Hillary LeBeau
Tue, 09/28/2021
Massachusetts is seeing an increase in Tips Act claims, and the Massachusetts Supreme Judicial Court just reinforced that a lack of clarity in fee- and tip-related documentation may result in employer liability, including mandatory triple damages and attorney’s fees.
The Massachusetts Tips Act requires that an employer or person who collects “service charges” or “tips” (as those terms are defined under the act) pay the proceeds of those charges to service employees and waitstaff in proportion to the services the employees provided to the employer. Massachusetts has a long history of protecting service employees’ ability to collect tips and service charges, and the recent decision handed down by Massachusetts’s highest court in Hovagimian v. Concert Blue Hill, LLC serves as a reminder to employees that their employers may not be paying them properly under the law.
Former service employees at the Blue Hill Country Club, sued the club and some members of the club’s managerial staff claiming the club violated the Tips Act because it did not pay the employees all the “service charges” to tip-eligible employees. Blue Hill prevailed at the trial and appellate levels.
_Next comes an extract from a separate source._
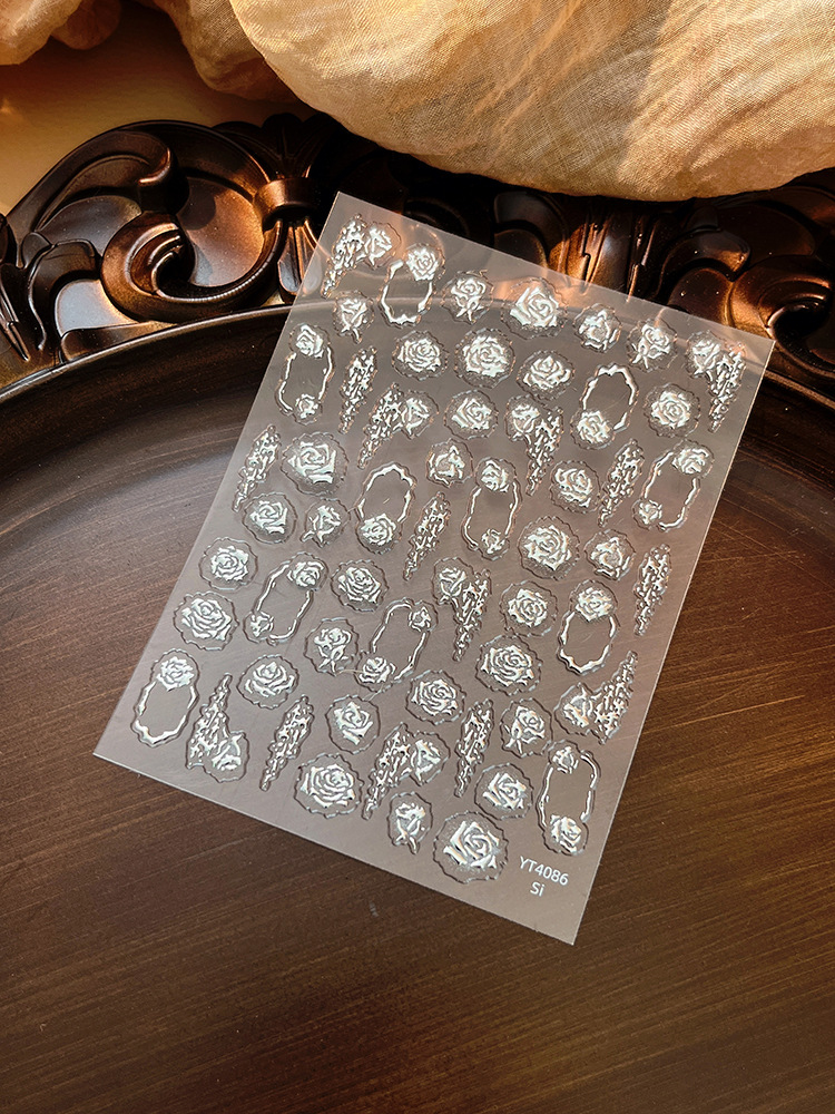YITU 개미 그림 화려한 장미 네일 아트 스티커 도금 꽃 접착 네일 장식 데칼 도매 YT4087스토어 가기

The Supreme Judicial Court reversed the appellate court’s decision, holding that the club’s event contracts with clients “clearly listed the disputed fees as a ‘service charge’ ” that belonged to the waitstaff and service employees.
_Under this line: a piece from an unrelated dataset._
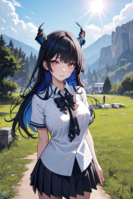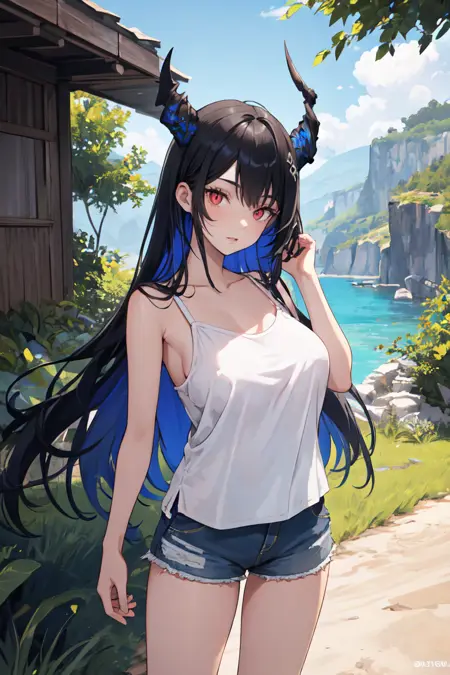 프롬프트: nerissa ravencroft, 매우 긴 머리, 곧은 머리, 파란색 내부 머리카락, 불균형한 뿔, 큰 가슴, 좁은 동공, 장갑, 어긋난 다리 착용물, 불균형한 다리 착용물, 한쪽 다리용 스타킹, 한쪽 허벅지용 양말, 계층적 반 스커트, 테셀 머리 장식,
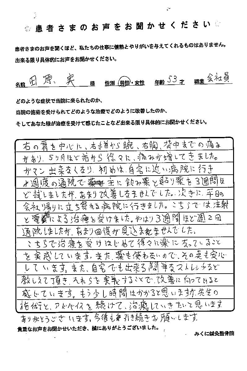 右の肩を中心に、右手首から腕・右胸・背中までの痛みがあり、5ヶ月ほど前から徐々に痛みが増してきました。

The Supreme Judicial Court’s holding confirms that the best practice for restaurants, hotels, and other hospitality industry employers is to ensure that event contracts, and all other related documents presented to patrons, consistently, accurately, and specifically describe any administrative fees that the employer intends to both assess and retain. Employees should be aware of these contracts and ensure that if they identify a “service charge,” that the employer pays it to the employee.